▸ **Raw data**
=== Section Start ===

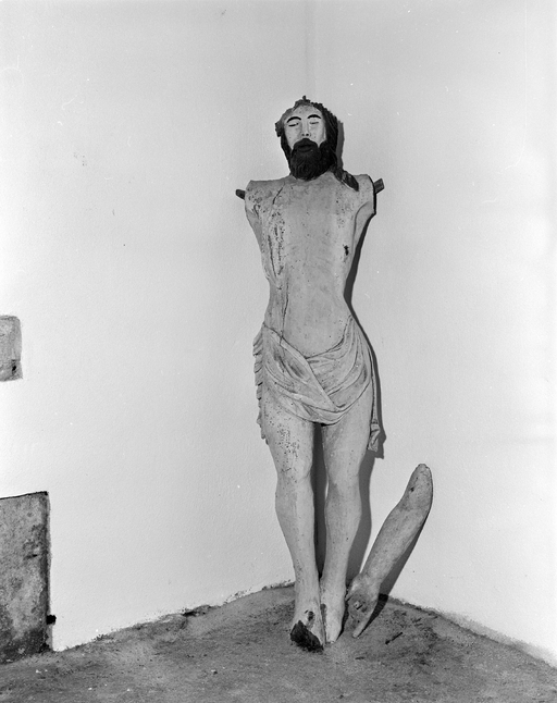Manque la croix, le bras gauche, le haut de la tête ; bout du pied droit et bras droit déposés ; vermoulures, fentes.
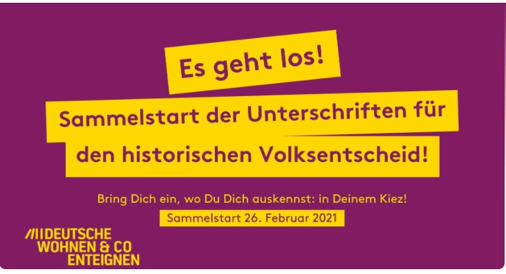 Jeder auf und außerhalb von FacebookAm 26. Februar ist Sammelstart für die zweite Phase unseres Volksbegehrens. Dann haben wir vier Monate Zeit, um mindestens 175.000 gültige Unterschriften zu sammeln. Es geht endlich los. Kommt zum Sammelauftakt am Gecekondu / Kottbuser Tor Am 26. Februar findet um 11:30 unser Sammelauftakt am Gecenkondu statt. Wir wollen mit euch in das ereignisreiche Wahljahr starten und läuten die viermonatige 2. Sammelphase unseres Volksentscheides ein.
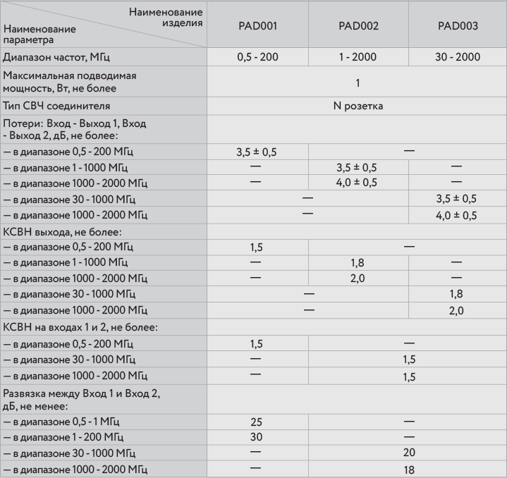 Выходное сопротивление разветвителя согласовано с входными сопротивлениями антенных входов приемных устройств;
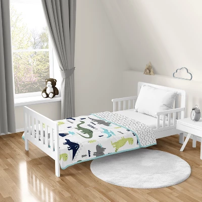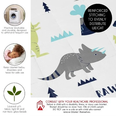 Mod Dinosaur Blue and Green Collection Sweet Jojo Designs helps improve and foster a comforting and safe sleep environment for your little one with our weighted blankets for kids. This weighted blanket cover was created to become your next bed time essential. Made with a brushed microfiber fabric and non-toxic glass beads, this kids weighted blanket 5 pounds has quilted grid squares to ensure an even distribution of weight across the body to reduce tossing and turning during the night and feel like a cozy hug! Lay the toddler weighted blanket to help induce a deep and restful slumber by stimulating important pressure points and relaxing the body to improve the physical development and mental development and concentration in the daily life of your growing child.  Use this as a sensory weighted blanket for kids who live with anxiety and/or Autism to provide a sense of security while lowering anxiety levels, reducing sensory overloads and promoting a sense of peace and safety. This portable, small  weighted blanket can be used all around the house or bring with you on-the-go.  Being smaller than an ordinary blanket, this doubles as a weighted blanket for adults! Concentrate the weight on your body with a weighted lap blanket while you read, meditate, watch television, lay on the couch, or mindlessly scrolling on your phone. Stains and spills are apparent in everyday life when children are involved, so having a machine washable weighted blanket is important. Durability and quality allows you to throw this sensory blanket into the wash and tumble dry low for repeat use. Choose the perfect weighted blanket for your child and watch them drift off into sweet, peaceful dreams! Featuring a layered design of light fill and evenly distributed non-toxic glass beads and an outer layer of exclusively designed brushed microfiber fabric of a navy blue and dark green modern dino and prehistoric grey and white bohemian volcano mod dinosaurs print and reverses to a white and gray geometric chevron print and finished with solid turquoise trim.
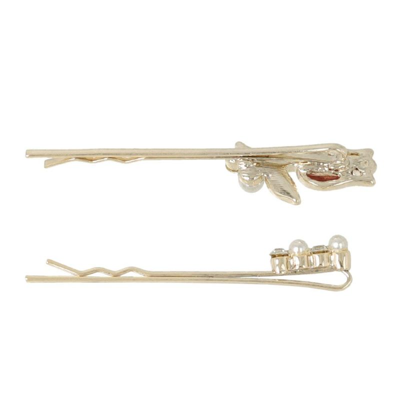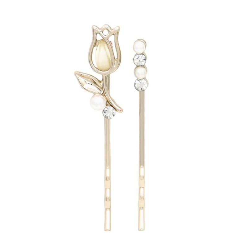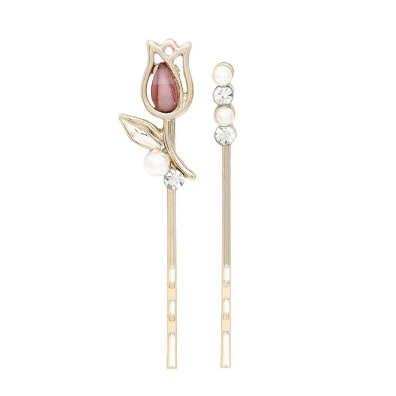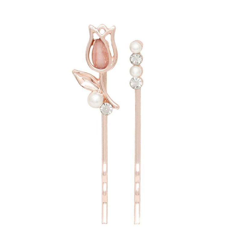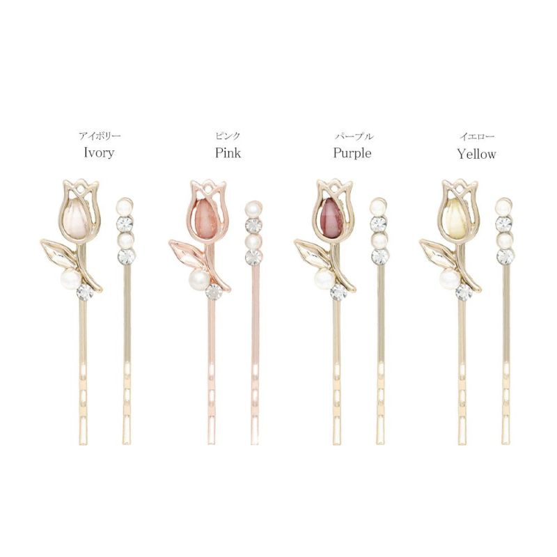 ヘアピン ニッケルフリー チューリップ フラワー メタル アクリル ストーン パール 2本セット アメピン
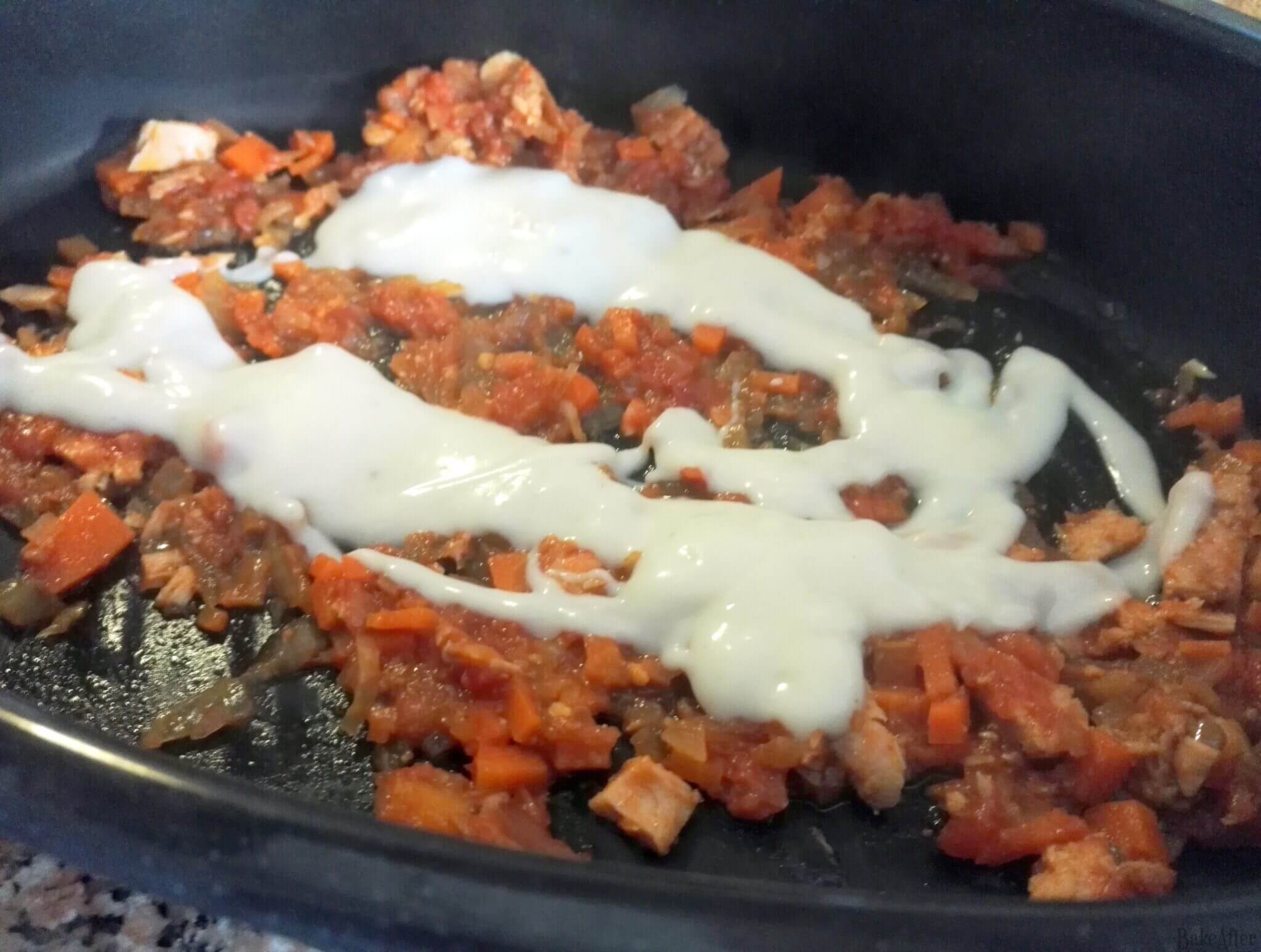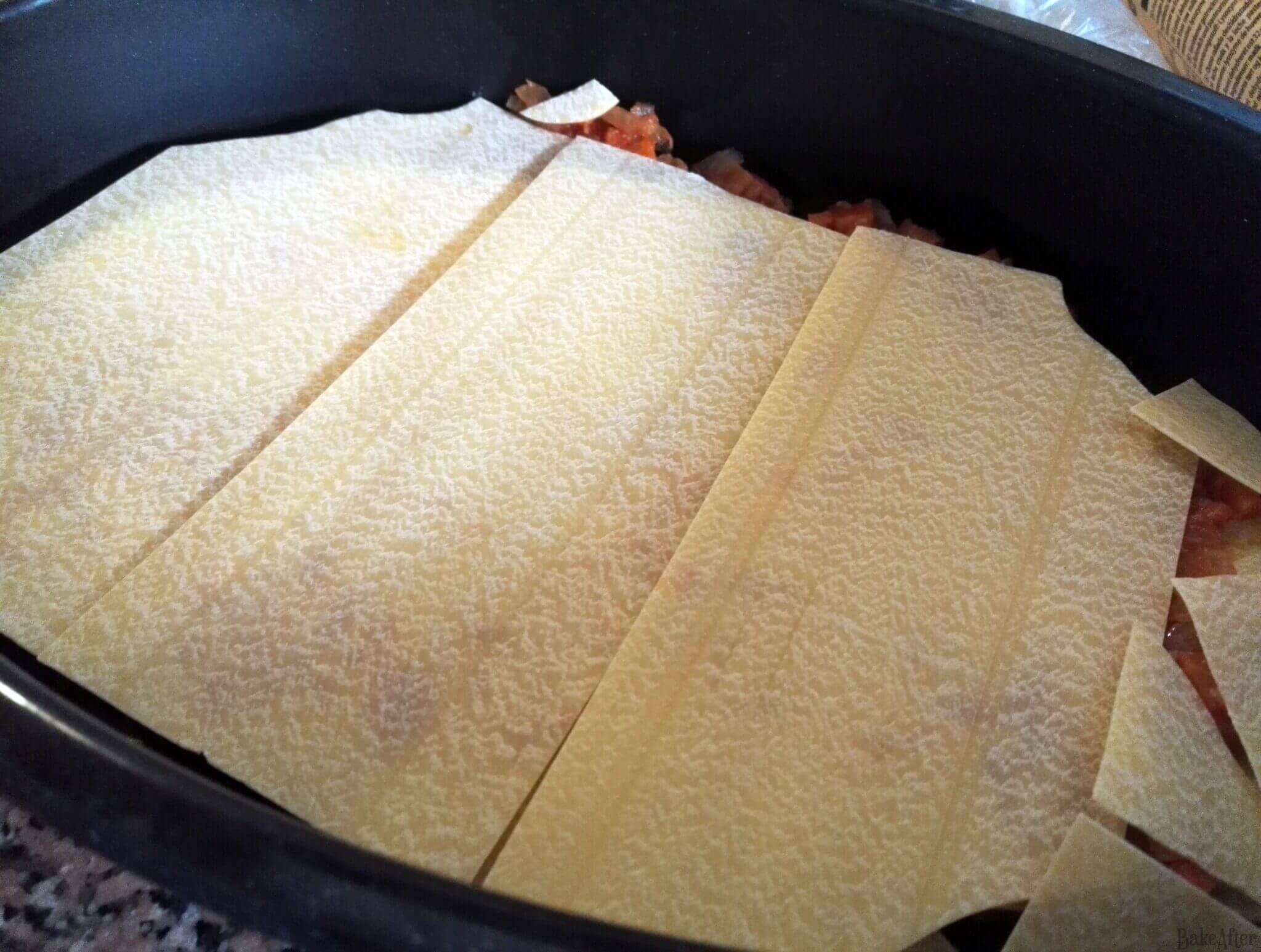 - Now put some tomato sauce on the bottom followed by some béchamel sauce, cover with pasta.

=== Section End ===

▸ **Work request**
The answer must be the data above, repeated exactly, with no pictures.

▸ **Answer area**
Manque la croix, le bras gauche, le haut de la tête ; bout du pied droit et bras droit déposés ; vermoulures, fentes.
 Jeder auf und außerhalb von FacebookAm 26. Februar ist Sammelstart für die zweite Phase unseres Volksbegehrens. Dann haben wir vier Monate Zeit, um mindestens 175.000 gültige Unterschriften zu sammeln. Es geht endlich los. Kommt zum Sammelauftakt am Gecekondu / Kottbuser Tor Am 26. Februar findet um 11:30 unser Sammelauftakt am Gecenkondu statt. Wir wollen mit euch in das ereignisreiche Wahljahr starten und läuten die viermonatige 2. Sammelphase unseres Volksentscheides ein.
 Выходное сопротивление разветвителя согласовано с входными сопротивлениями антенных входов приемных устройств;
 Mod Dinosaur Blue and Green Collection Sweet Jojo Designs helps improve and foster a comforting and safe sleep environment for your little one with our weighted blankets for kids. This weighted blanket cover was created to become your next bed time essential. Made with a brushed microfiber fabric and non-toxic glass beads, this kids weighted blanket 5 pounds has quilted grid squares to ensure an even distribution of weight across the body to reduce tossing and turning during the night and feel like a cozy hug! Lay the toddler weighted blanket to help induce a deep and restful slumber by stimulating important pressure points and relaxing the body to improve the physical development and mental development and concentration in the daily life of your growing child.  Use this as a sensory weighted blanket for kids who live with anxiety and/or Autism to provide a sense of security while lowering anxiety levels, reducing sensory overloads and promoting a sense of peace and safety. This portable, small  weighted blanket can be used all around the house or bring with you on-the-go.  Being smaller than an ordinary blanket, this doubles as a weighted blanket for adults! Concentrate the weight on your body with a weighted lap blanket while you read, meditate, watch television, lay on the couch, or mindlessly scrolling on your phone. Stains and spills are apparent in everyday life when children are involved, so having a machine washable weighted blanket is important. Durability and quality allows you to throw this sensory blanket into the wash and tumble dry low for repeat use. Choose the perfect weighted blanket for your child and watch them drift off into sweet, peaceful dreams! Featuring a layered design of light fill and evenly distributed non-toxic glass beads and an outer layer of exclusively designed brushed microfiber fabric of a navy blue and dark green modern dino and prehistoric grey and white bohemian volcano mod dinosaurs print and reverses to a white and gray geometric chevron print and finished with solid turquoise trim.
 ヘアピン ニッケルフリー チューリップ フラワー メタル アクリル ストーン パール 2本セット アメピン
 - Now put some tomato sauce on the bottom followed by some béchamel sauce, cover with pasta.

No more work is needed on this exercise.